Adam, the first human being, was created as a single person to show forth the greatness of the Ruler who is beyond all rulers, the Blessed Holy One. For if a human ruler mints many coins from one mold, they all carry the same image, they all look the same. But the Blessed Holy One shaped all human beings in the Divine Image, as Adam was…And yet not one of them resembles another. (Sanhedrin 38a)
Well, here I was, all ready to wax eloquent (or at least wax) on Sunday's Gospel lesson. And then I found this .

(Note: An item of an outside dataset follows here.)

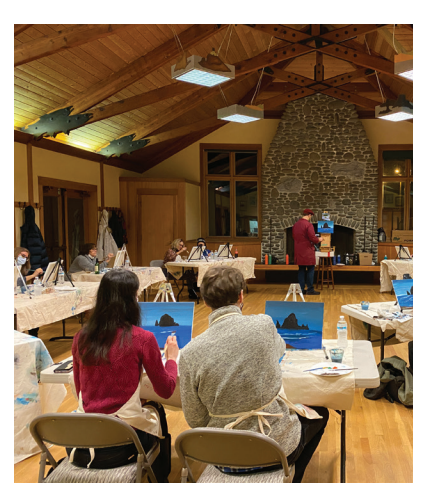
The Stormy Weather Arts Festival will hold multiple Paint and Sip events.

Music around town from 11 a.m. to 5 p.m. Saturday at the Coaster Theatre courtyard, Kiki's courtyard, Sandpiper Square and The Landing.

There's really not a lot to add to Rabbi Waskow's essay. As freed, forgiven, called people of God, we know who we are, and we know Whose we are, as Jesus reminds his interrogators in the Gospel text. The question we can now ask ourselves, the one we can live into from now on, is: How can we, "minted" in God's image and redeemed by Christ, gratefully and lovingly respond to God's tremendous investment in us?
A denarius (photo from Ancient Greek and Roman Coins)
3 comments:
You ask an important question, L Chick :)
Shamefully - some people believe that we should abuse others with our warped interpretations of the Bible and our own assumptions of God's Will and intentions.
Thanks LC,
My BF is preaching similarly. We had a long discussion about this. I kept thinking of the image of Caesar in terms of the Church, which as an institution, I found inserts itself in ways that place itself in the place of G-d.
Dylan makes a very similar point in her lectionary blog this week.